━━━━━ PROVIDED RECORDS ━━━━━

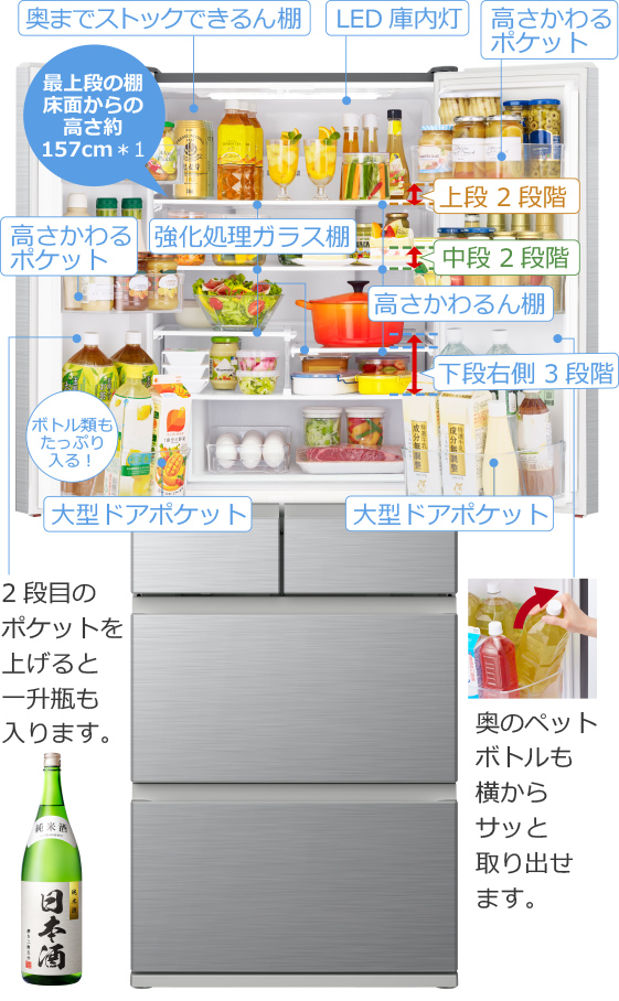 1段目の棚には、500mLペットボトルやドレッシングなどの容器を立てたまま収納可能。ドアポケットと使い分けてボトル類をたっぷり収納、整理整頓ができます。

━━━━━
━━━━━ PROVIDED RECORDS ━━━━━

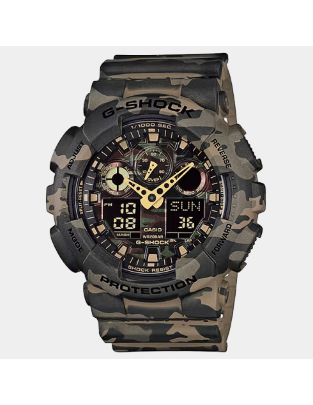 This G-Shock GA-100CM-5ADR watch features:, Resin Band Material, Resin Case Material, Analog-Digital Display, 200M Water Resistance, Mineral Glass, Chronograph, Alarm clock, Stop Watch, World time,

━━━━━
━━━━━ PROVIDED RECORDS ━━━━━

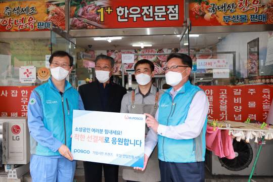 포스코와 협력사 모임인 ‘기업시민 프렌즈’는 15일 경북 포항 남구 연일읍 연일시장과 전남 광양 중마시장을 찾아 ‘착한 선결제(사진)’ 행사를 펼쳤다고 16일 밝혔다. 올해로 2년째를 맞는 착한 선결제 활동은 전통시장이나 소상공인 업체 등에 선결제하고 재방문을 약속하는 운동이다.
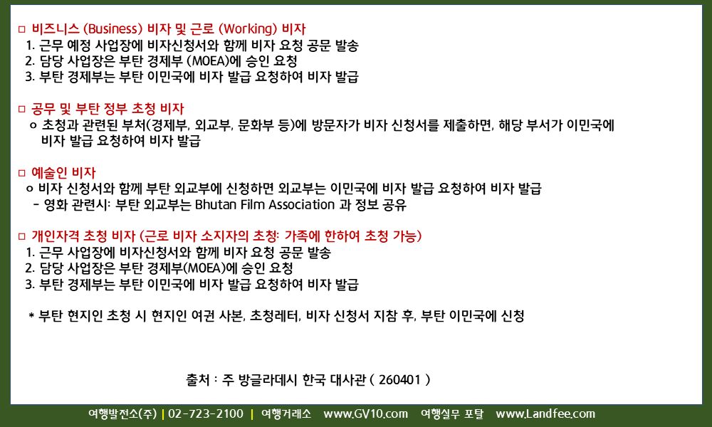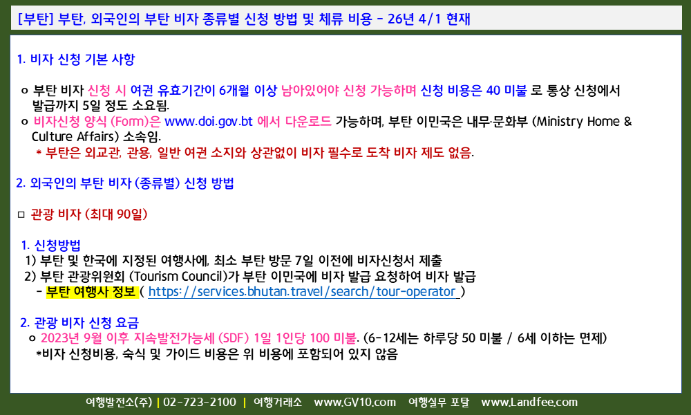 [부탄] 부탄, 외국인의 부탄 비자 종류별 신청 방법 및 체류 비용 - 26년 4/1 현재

━━━━━

WHAT YOU HAVE TO DO
Would you transcribe the lines above exactly, going from the line bearing "포스코와 협력사 모임인" through the line bearing "[부탄] 부탄, 외국인의", and drop the pictures from the copy?

RESPONSE BOX
 포스코와 협력사 모임인 ‘기업시민 프렌즈’는 15일 경북 포항 남구 연일읍 연일시장과 전남 광양 중마시장을 찾아 ‘착한 선결제(사진)’ 행사를 펼쳤다고 16일 밝혔다. 올해로 2년째를 맞는 착한 선결제 활동은 전통시장이나 소상공인 업체 등에 선결제하고 재방문을 약속하는 운동이다.
 [부탄] 부탄, 외국인의 부탄 비자 종류별 신청 방법 및 체류 비용 - 26년 4/1 현재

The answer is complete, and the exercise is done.